In fact, along with the AirPort Extreme, the only other dual-band router weve heard of is the Buffalo Wireless-N Nfiniti Dual Band, which is in a different price league than the AirPort Extreme. At $179, the AirPort Extreme seems pricey for a wireless router, but not when you see the $299 price tag of Buffalos router.
That said, the Nfiniti N Dual Band has one big advantage over the AirPort Extreme: The Buffalo router supports both bands simultaneously. The AirPort Extreme, in contrast, has only a single radio, so we had to choose which band we wanted to support. An AirPort administrator configures the chosen band from the Airport console, and this choice is programmed in software on the radio. We have not tested the Nfiniti Dual Band, but Buffalo marketing materials claim it advertises both bands simultaneously to support different kinds of traffic concurrently.
Despite the AirPort Extremes relative shortcoming, we applaud Apples decision to support the 5GHz band. During tests of the AirPort Extreme, we found throughput performance to be significantly more stable in the higher band, due in no small part to the lower level of interference in the 5GHz band when compared with the vastly more crowded 2.4GHz band.

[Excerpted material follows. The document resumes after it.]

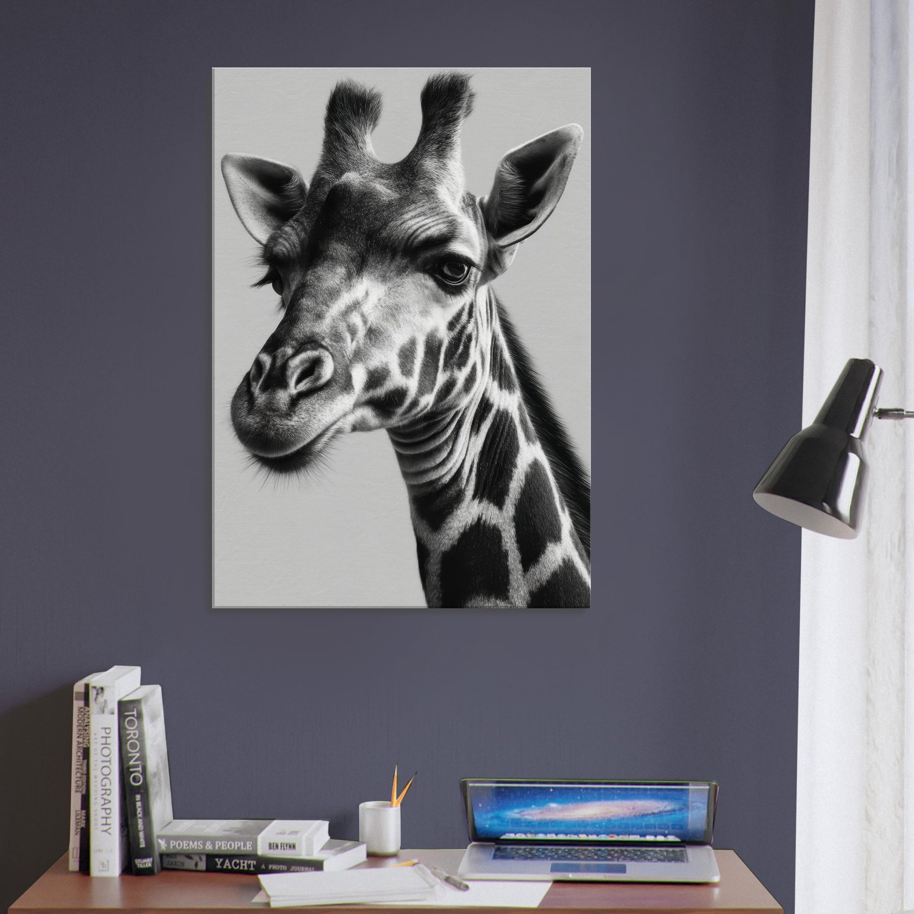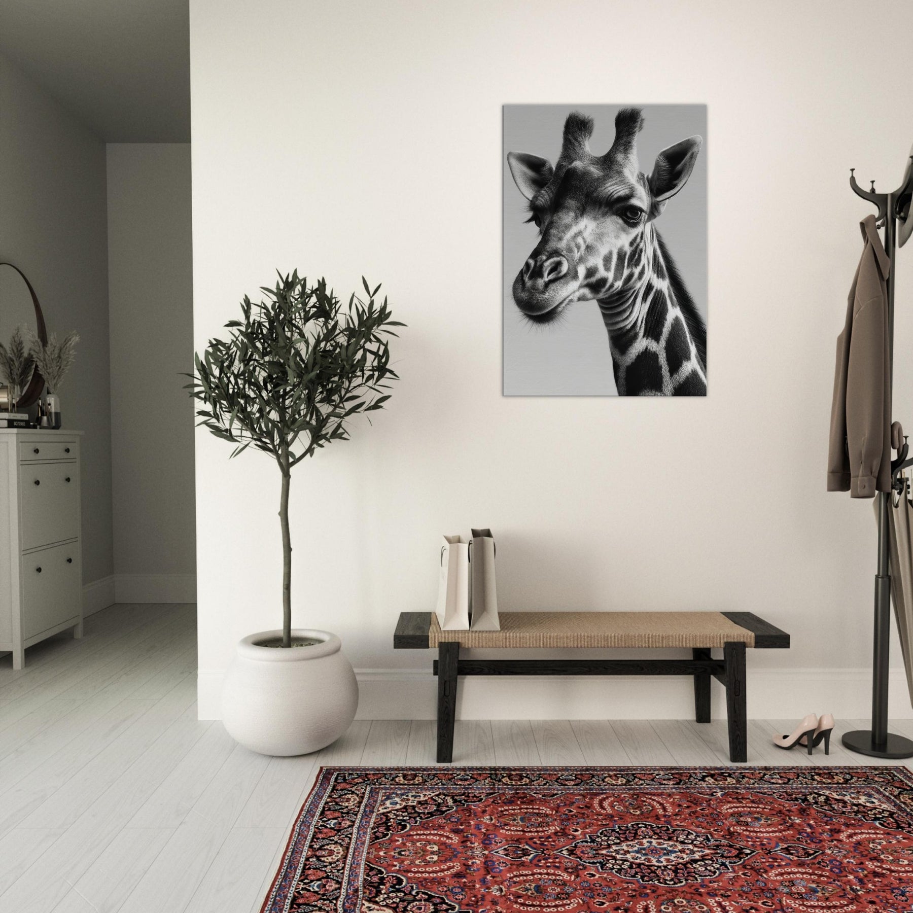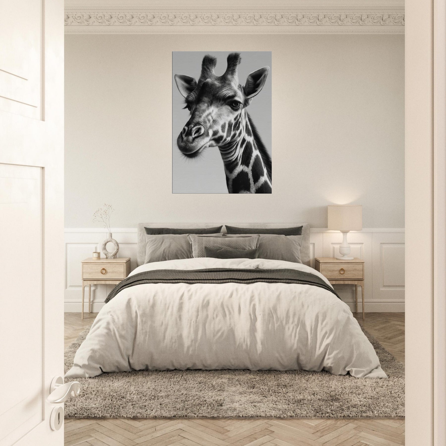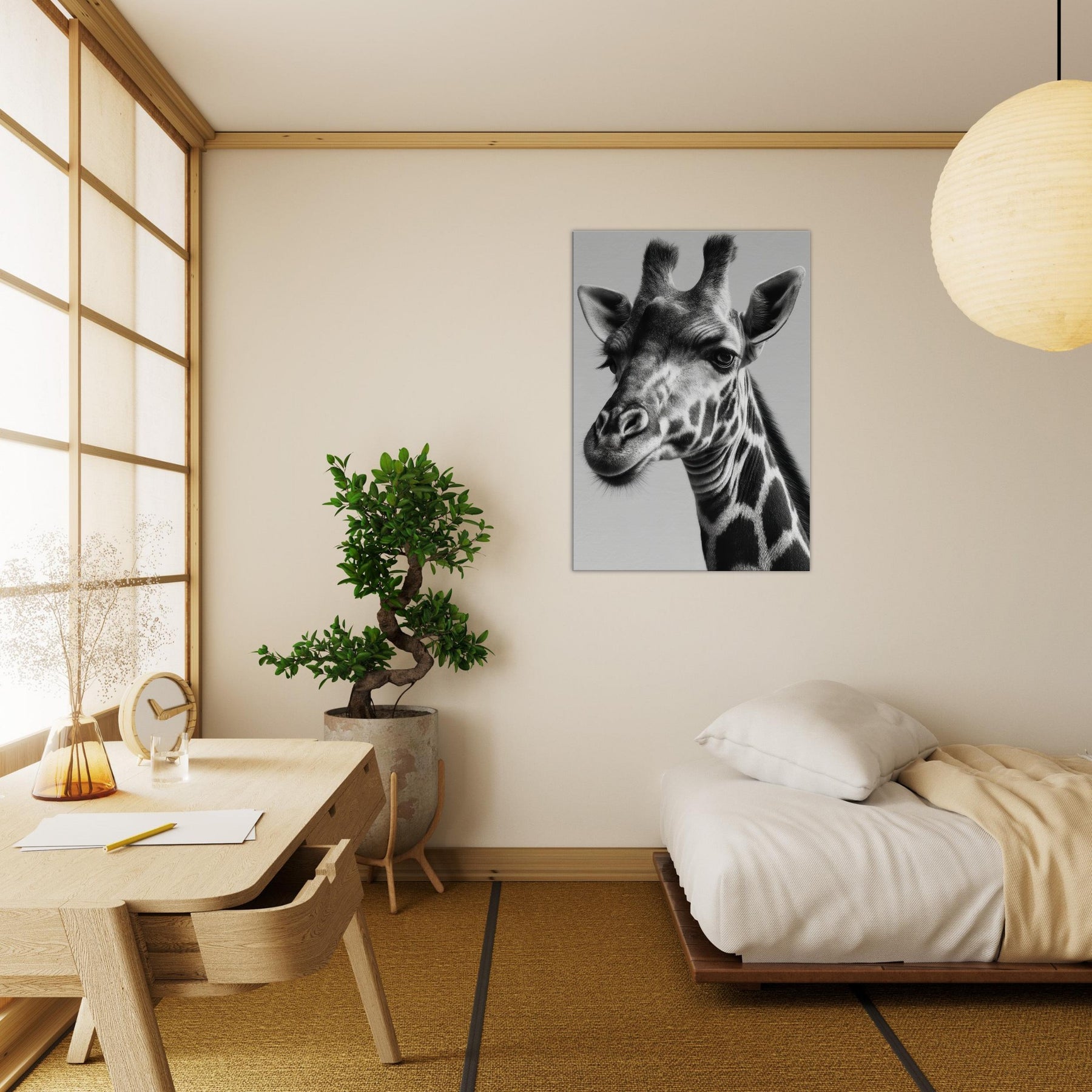 Immerse your space in the quiet grandeur of a monochrome moment. This black and white captures a giraffe in timeless stillness, where line and texture become poetry, and light suggests a gallery hush.

We also realized greater bi-directional throughout performance in the 5GHz band. In that band, our test MacBook topped out at 107M bps at close distances, while only achieving 90.5M bps in the same test run in the 2.4GHz band. Similarly, our Lenovo client performed about 22 percent worse at close distances in the 2.4GHz band than in the 5GHz band.
Interpreting the guidelines set forth by the 802.11n Task Group in its draft revision, Apple has not implemented channel bonding in the 2.4GHz band to help avoid interference with legacy wireless networks. This means that 2.4GHz-band 802.11n clients can use only 20MHz channels, while 5GHz clients can use a full 40GHz client. We could see this in each clients supplicant application: In 5GHz mode, each client would receive and transmit at the 300M bps link rate, while 2.4GHz clients could attach at only a maximum rate of 144M bps.
We also noted variable results in performance at longer distances in our tests. At 85 feet, the Lenovo clients performance dropped off 32 percent in the 5GHz band, compared to a 19 percent drop in the 2.4GHz band, while the MacBook dropped 7 percent in the 5GHz band, compared to a 28 percent fall in the 2.4 GHz band.
Although both of our client machines leveraged Atheros XSPAN draft-802.11n wireless chip sets (the same technology found in the AirPort Extreme router itself), we still noted a substantial performance discrepancy between clients. This indicates that, with the standards still in flux, consistent interoperability still remains a moving target—even within the same chip-set family.